A refocussed levy-grant system should have a revised strategic balance between individual employer apprenticeship grants and other non-apprenticeship support. It should deploy activity and funds more into programmatic activity and new pathway interventions with both new and existing workers that are scalable and impactful and span both the employed and self-employed workforce.

Recommendation 6

The review has found that there is a need for a much more strategic demand planning and linked work brokerage function which can enable skills and competency supply to be better matched to demand over time and geography. This includes the potential for transferable skills within industries, including across engineering construction and construction, to be better identified and exploited and for employers to be able to make more informed decision on investing in human capital.

Recommendation 7

Industry leaders need to continue to recognise the role their organisations and role models can play in assisting with the training effort as part of their social impact and the wider futureproofing of their own industry.

Recommendation 8

The ITBs and subsequently the new body should in conjunction with government and industry, urgently redefine its role in leading and/or supporting a refresh of existing construction and engineering construction occupational and qualification standards and associated pathways.

Recommendation 9

The policing of providers by ITBs and in some instances the direct provision by them of training in response to existing pathways has been found to be of variable effectiveness, especially in relation to CITB, as there is an overarching sense of it requiring improvement. Better levels of innovation and dynamic influence of providers has been observed happening by ECITB in connection with the geographic clusters of activity their markets better segment into.

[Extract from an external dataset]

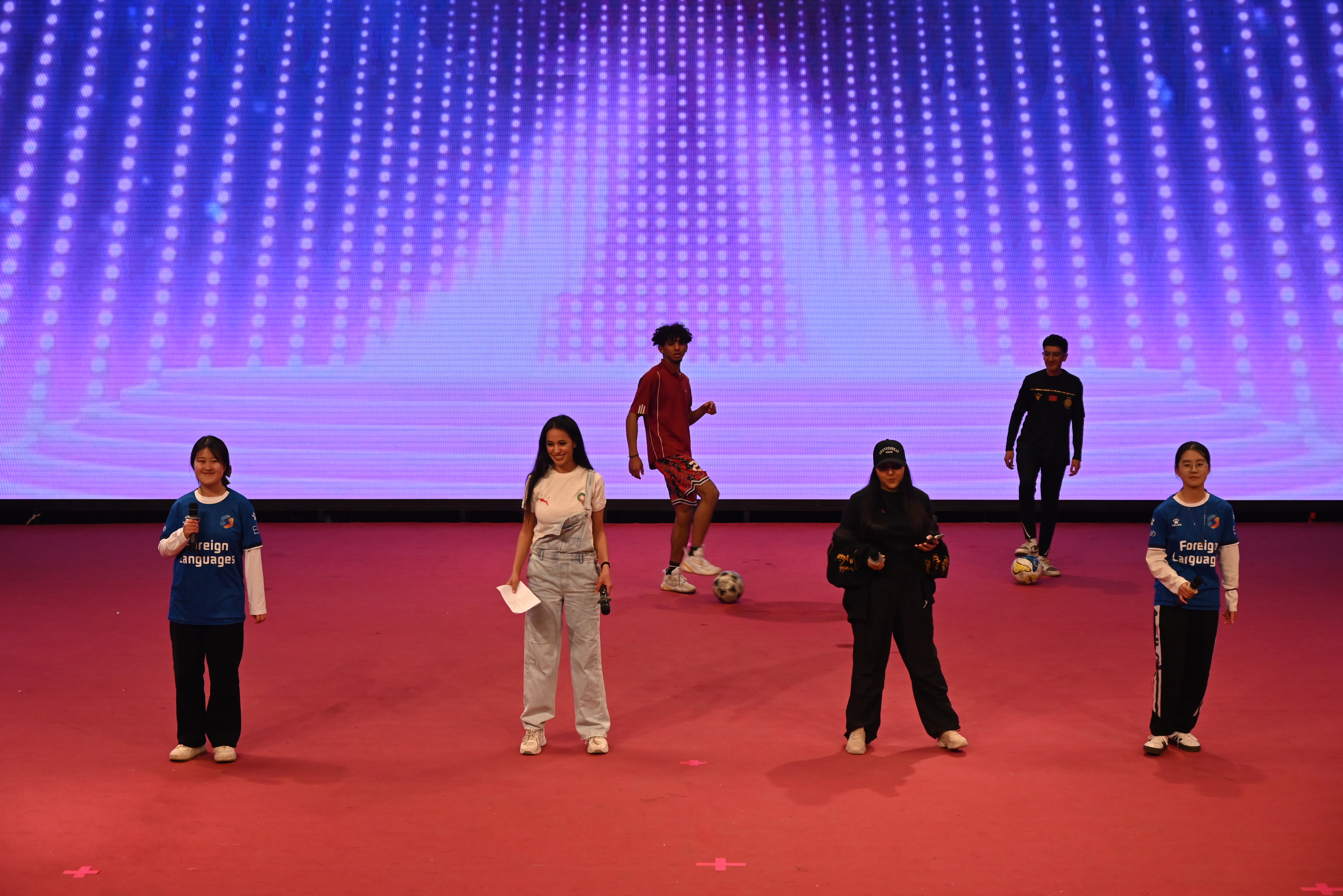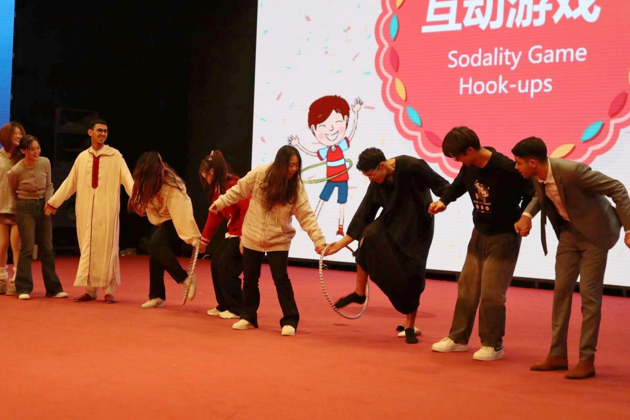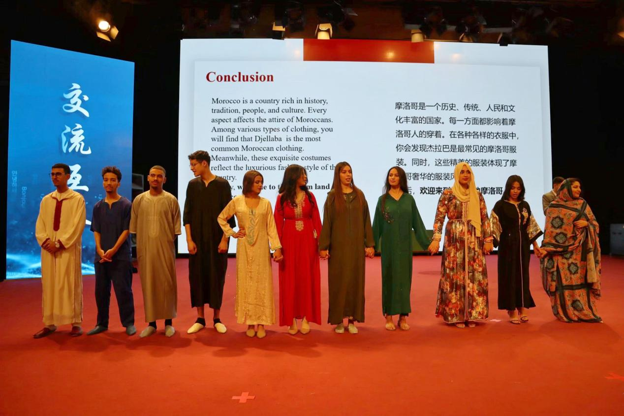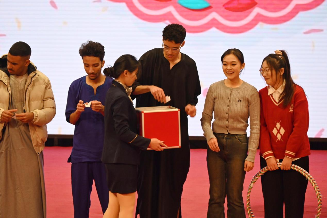服饰之美,背后是文化底蕴。摩洛哥留学生带来了摩洛哥传统服饰展示,丰富多彩的传统服饰,展示了摩洛哥的国家传统和文化。在互动环节中,现场随机邀请学生和摩洛哥留学生同台进行“环环相扣”游戏,晚会的气氛达到高潮。
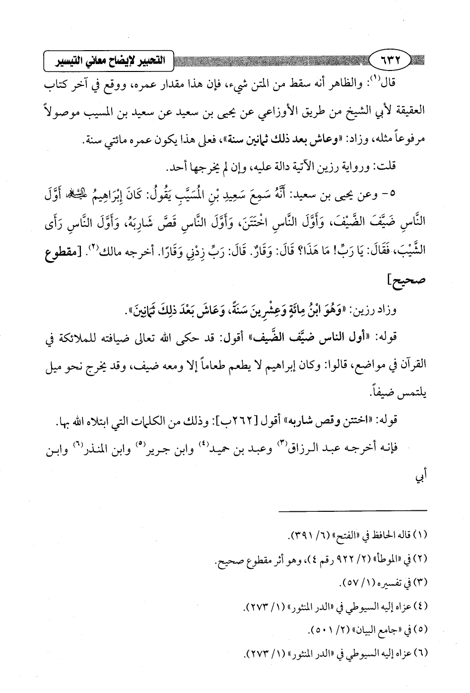 5 - وعن يحيى بن سعيد: أَنَّهُ سَمِعَ سَعِيدِ بْنِ المُسَيَّبِ يَقُولُ: كَانَ إِبْرَاهِيم - عليه السلام - أَوَّلَ النَّاسِ ضَيَّفَ الضَّيْفَ، وَأَوَّلَ النَّاسِ اخْتَتَنَ، وَأَوَّلَ النَّاسِ قَصَّ شَارِبَهُ، وَأَوَّلَ النَّاسِ رَأَى الشَّيْبَ، فَقَالَ: يَا رَبِّ! مَا هَذَا؟ قَالَ: وَقَارٌ. قَالَ: رَبِّ زِدْنِي وَقَارًا. أخرجه مالك (¬2). [مقطوع صحيح]

Current teaching is further compromised by out-of-date curricula and standards and more importantly lack of currency of teachers relative to workplace expectations and new methods/regulations. This will all be further challenged by any move towards a change in pathways and related learning format with more modular and incremental training needs in a more fluid and flexible matrix system.

Recommendation 10

The ITBs and subsequently new body should play a central role in helping facilitate with other agencies an industry wide digital skills passport system. This should span the whole workforce, with accreditations, experience, qualifications, and resultant proven competencies registered and capable of being policed. It should look to maximise inter-operability of existing card schemes, seek validation/refresh of their existing competency requirements and build critical scale through a connected digital eco-system.

This platform should in turn link to the strategic workforce planning and brokerage tool identified in Recommendation 6 above.

This digital skills passport should be used to prove regulatory requirements and to assist what is hoped will be increased instances of client, funder or insurer led procurement and enforcement of requirements for minimum workforce wide competency.